- _DATA FOR THE TASK_
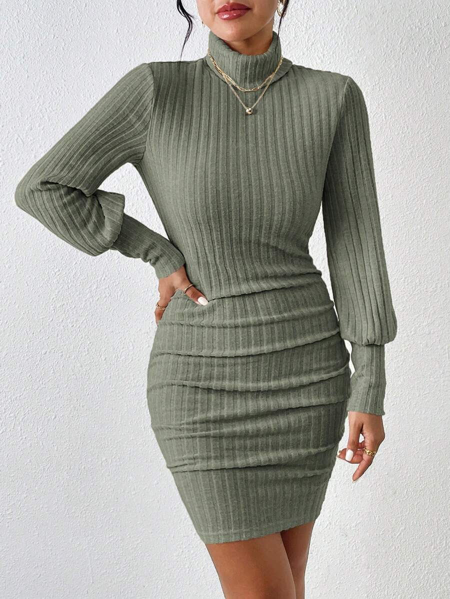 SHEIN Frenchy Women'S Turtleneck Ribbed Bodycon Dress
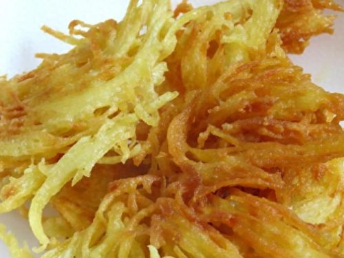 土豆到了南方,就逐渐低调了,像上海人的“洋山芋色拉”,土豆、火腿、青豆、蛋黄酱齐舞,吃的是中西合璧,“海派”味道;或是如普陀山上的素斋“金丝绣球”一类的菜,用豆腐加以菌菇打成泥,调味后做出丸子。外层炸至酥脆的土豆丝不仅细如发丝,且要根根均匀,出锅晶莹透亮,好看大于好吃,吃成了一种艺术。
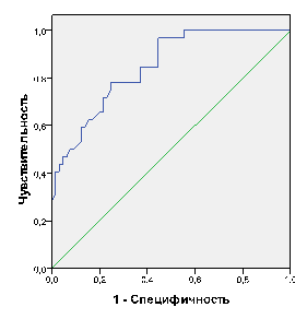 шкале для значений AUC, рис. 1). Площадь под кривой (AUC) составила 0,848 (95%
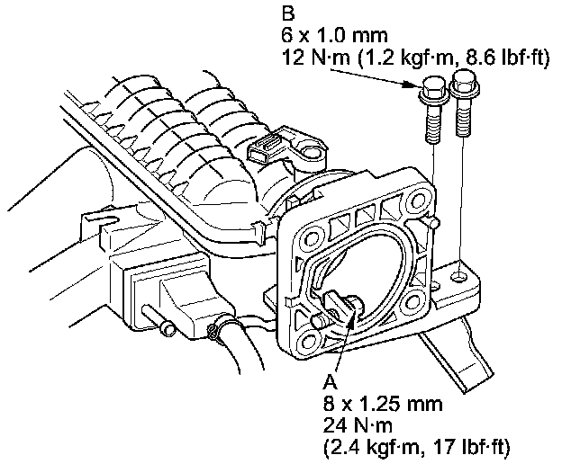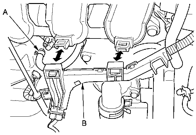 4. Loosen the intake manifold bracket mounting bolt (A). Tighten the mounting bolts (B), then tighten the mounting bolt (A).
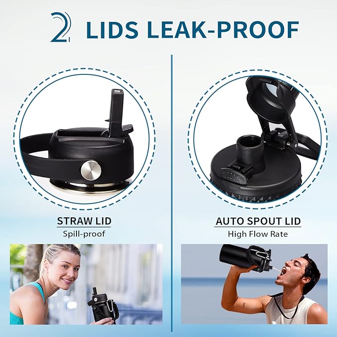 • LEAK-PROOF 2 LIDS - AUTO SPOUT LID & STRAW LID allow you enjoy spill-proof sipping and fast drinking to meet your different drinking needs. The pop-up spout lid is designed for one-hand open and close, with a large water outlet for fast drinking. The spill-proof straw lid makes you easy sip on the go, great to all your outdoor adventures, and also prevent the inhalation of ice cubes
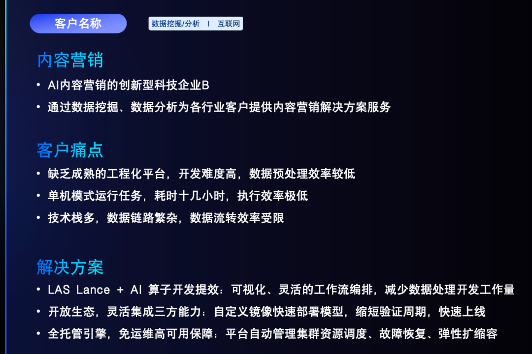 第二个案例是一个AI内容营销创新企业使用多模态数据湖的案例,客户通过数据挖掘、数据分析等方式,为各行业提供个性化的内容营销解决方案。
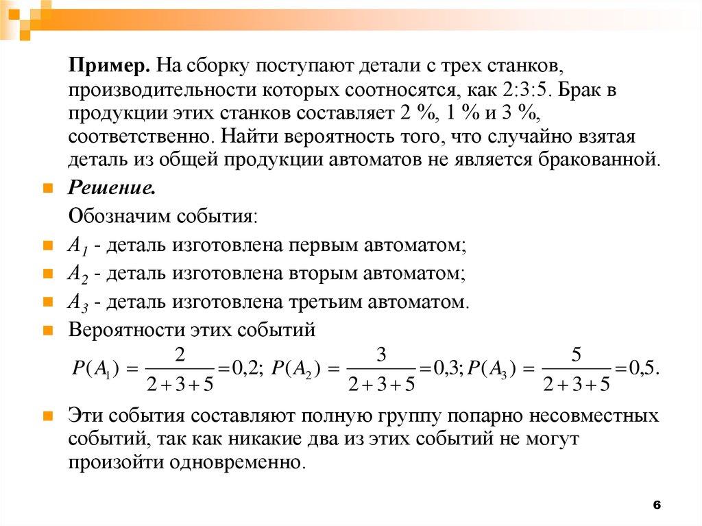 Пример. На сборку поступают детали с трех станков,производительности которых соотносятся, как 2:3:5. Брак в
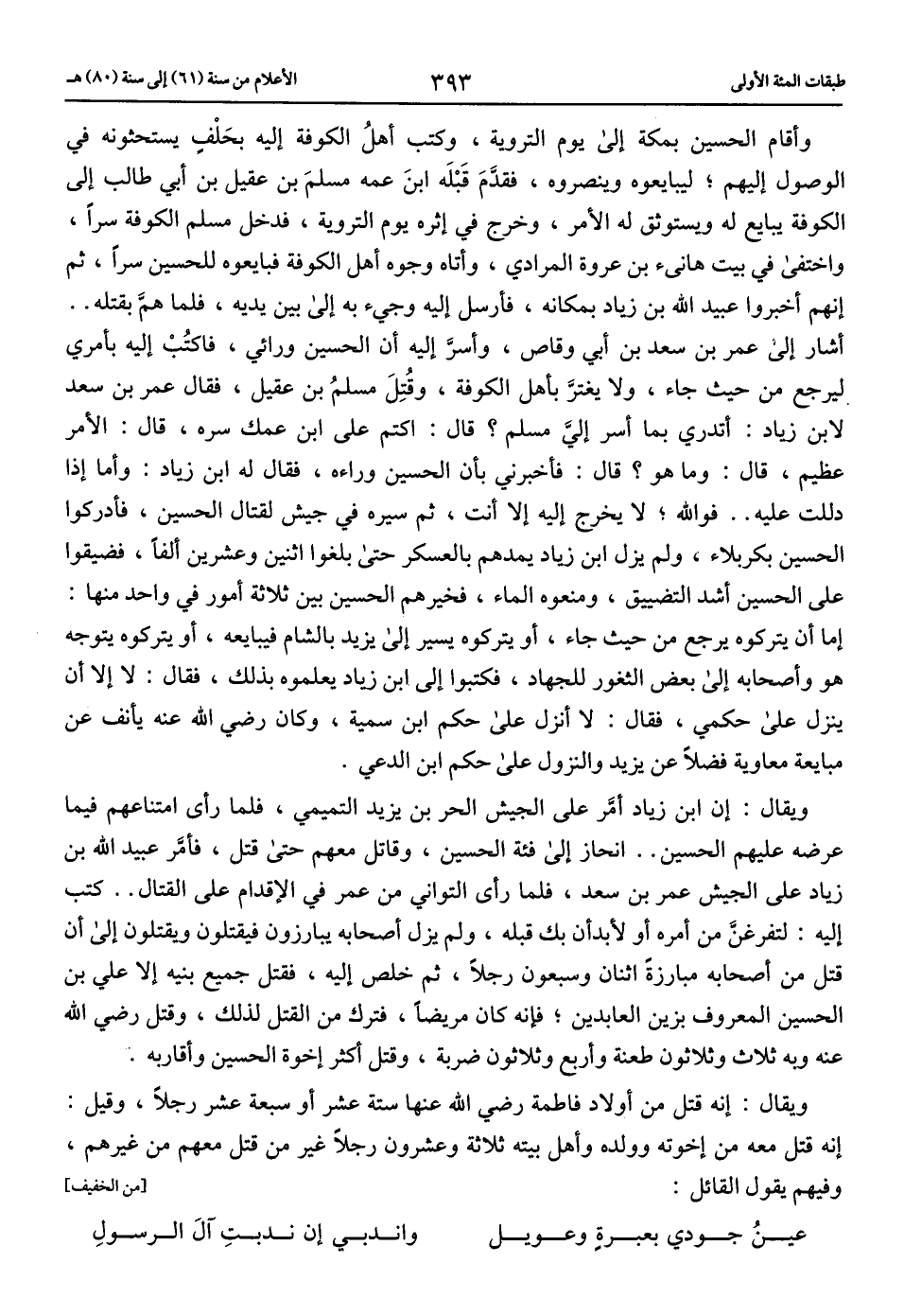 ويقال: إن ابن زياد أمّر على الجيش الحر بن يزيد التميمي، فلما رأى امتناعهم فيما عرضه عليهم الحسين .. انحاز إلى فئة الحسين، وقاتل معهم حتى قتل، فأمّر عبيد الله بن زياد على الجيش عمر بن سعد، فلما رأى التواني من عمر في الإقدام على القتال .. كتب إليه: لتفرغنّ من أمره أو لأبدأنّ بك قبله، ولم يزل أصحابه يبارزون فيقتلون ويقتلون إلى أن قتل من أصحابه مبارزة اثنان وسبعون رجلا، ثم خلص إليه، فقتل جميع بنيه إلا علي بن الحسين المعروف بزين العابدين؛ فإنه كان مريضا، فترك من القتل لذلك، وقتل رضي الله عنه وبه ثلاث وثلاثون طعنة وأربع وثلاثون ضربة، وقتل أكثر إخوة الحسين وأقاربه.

- _TASK DIRECTIONS_
Look above for the line containing "шкале для значений" and the line containing "4. Loosen the", then reproduce both and everything between them exactly, pictures omitted.

- _ANSWER TO THIS PROBLEM_
 шкале для значений AUC, рис. 1). Площадь под кривой (AUC) составила 0,848 (95%
 4. Loosen the intake manifold bracket mounting bolt (A). Tighten the mounting bolts (B), then tighten the mounting bolt (A).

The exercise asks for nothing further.